Download or read book Multi scale Modeling of Two phase Flow in Porous Media Including Capillary Pressure Effects written by Markus Wolff and published by . This book was released on 2013 with total page 220 pages. Available in PDF, EPUB and Kindle. Book excerpt:

Download or read book Upscaling Multiphase Flow in Porous Media written by D.B. Das and published by Springer Science & Business Media. This book was released on 2005-12-05 with total page 259 pages. Available in PDF, EPUB and Kindle. Book excerpt: This book provides concise, up-to-date and easy-to-follow information on certain aspects of an ever important research area: multiphase flow in porous media. This flow type is of great significance in many petroleum and environmental engineering problems, such as in secondary and tertiary oil recovery, subsurface remediation and CO2 sequestration. This book contains a collection of selected papers (all refereed) from a number of well-known experts on multiphase flow. The papers describe both recent and state-of-the-art modeling and experimental techniques for study of multiphase flow phenomena in porous media. Specifically, the book analyses three advanced topics: upscaling, pore-scale modeling, and dynamic effects in multiphase flow in porous media. This will be an invaluable reference for the development of new theories and computer-based modeling techniques for solving realistic multiphase flow problems. Part of this book has already been published in a journal. Audience This book will be of interest to academics, researchers and consultants working in the area of flow in porous media.

Download or read book Simulation of Flow in Porous Media written by Peter Bastian and published by Walter de Gruyter. This book was released on 2013-07-31 with total page 224 pages. Available in PDF, EPUB and Kindle. Book excerpt: Subsurface flow problems are inherently multiscale in space due to the large variability of material properties and in time due to the coupling of many different physical processes, such as advection, diffusion, reaction and phase exchange. Subsurface flow models still need considerable development. For example, nonequilibrium effects, entrapped air, anomalous dispersion and hysteresis effects can still not be adequately described. Moreover, parameters of the models are diffcult to access and often uncertain. Computational issues in subsurface flows include the treatment of strong heterogeneities and anisotropies in the models, the effcient solution of transport-reaction problems with many species, treatment of multiphase-multicomponent flows and the coupling of subsurface flow models to surface flow models given by shallow water or Stokes equations. With respect to energy and the environment, in particular the modelling and simulation of radioactive waste management and sequestration of CO2 underground have gained high interest in the community in recent years. Both applications provide unique challenges ranging from modelling of clay materials to treating very large scale models with high-performance computing. This book brings together key numerical mathematicians whose interest is in the analysis and computation of multiscale subsurface flow and practitioners from engineering and industry whose interest is in the applications of these core problems.

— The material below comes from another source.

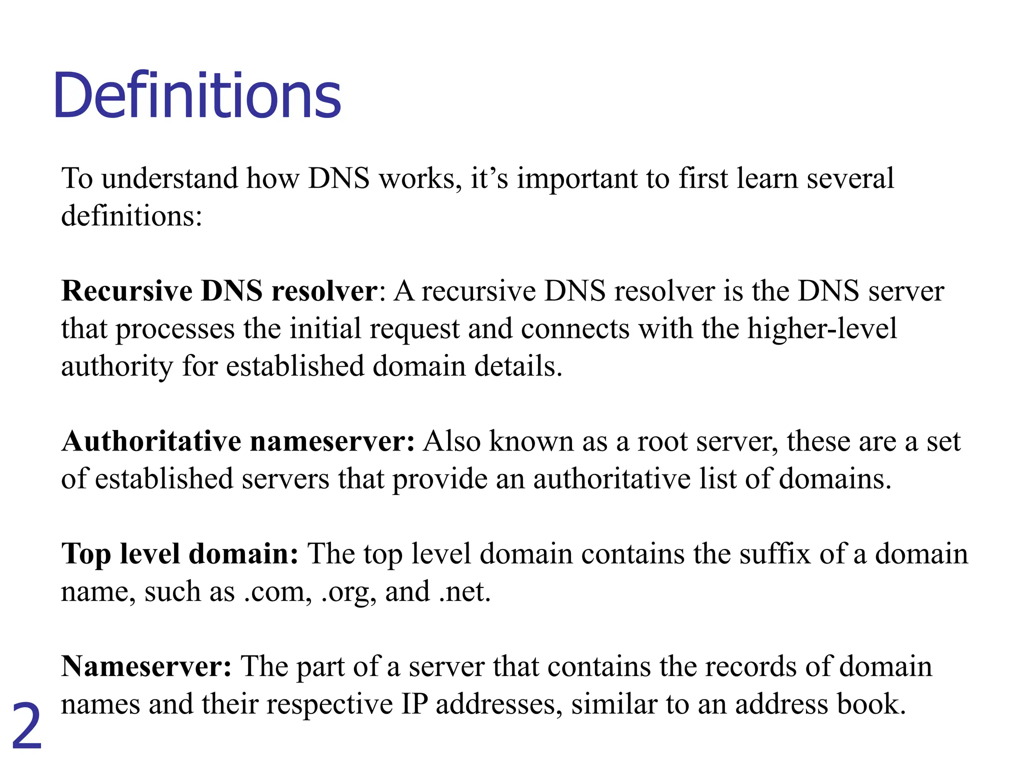To understand howDNS works, it’s important to first learn several
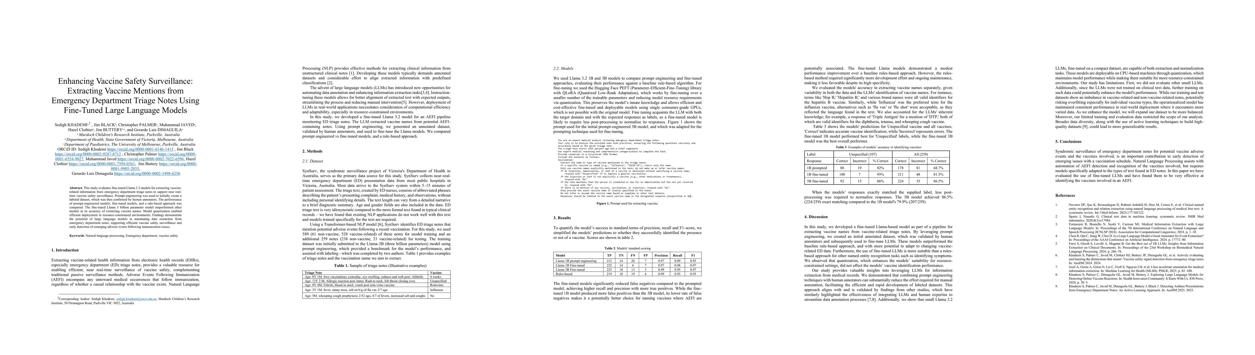 The study presents a method for fine-tuning Llama 3.2 models to extract vaccine names from emergency department triage notes, demonstrating their effectiveness over a rule-based approach.

Download or read book Multiphase Flow in Permeable Media written by Martin J. Blunt and published by Cambridge University Press. This book was released on 2017-02-16 with total page 503 pages. Available in PDF, EPUB and Kindle. Book excerpt: This book provides a fundamental description of multiphase fluid flow through porous rock, based on understanding movement at the pore, or microscopic, scale.

Download or read book Mathematical Modeling for Flow and Transport Through Porous Media written by Gedeon Dagan and published by Springer Science & Business Media. This book was released on 2013-06-29 with total page 293 pages. Available in PDF, EPUB and Kindle. Book excerpt: The main aim of this paper is to present some new and general results, ap plicable to the the equations of two phase flow, as formulated in geothermal reservoir engineering. Two phase regions are important in many geothermal reservoirs, especially at depths of order several hundred metres, where ris ing, essentially isothermal single phase liquid first begins to boil. The fluid then continues to rise, with its temperature and pressure closely following the saturation (boiling) curve appropriate to the fluid composition. Perhaps the two most interesting theoretical aspects of the (idealised) two phase flow equations in geothermal reservoir engineering are that firstly, only one component (water) is involved; and secondly, that the densities of the two phases are so different. This has led to the approximation of ignoring capillary pressure. The main aim of this paper is to analyse some of the consequences of this assumption, especially in relation to saturation changes within a uniform porous medium. A general analytic treatment of three dimensional flow is considered. Pre viously, three dimensional modelling in geothermal reservoirs have relied on numerical simulators. In contrast, most of the past analytic work has been restricted to one dimensional examples.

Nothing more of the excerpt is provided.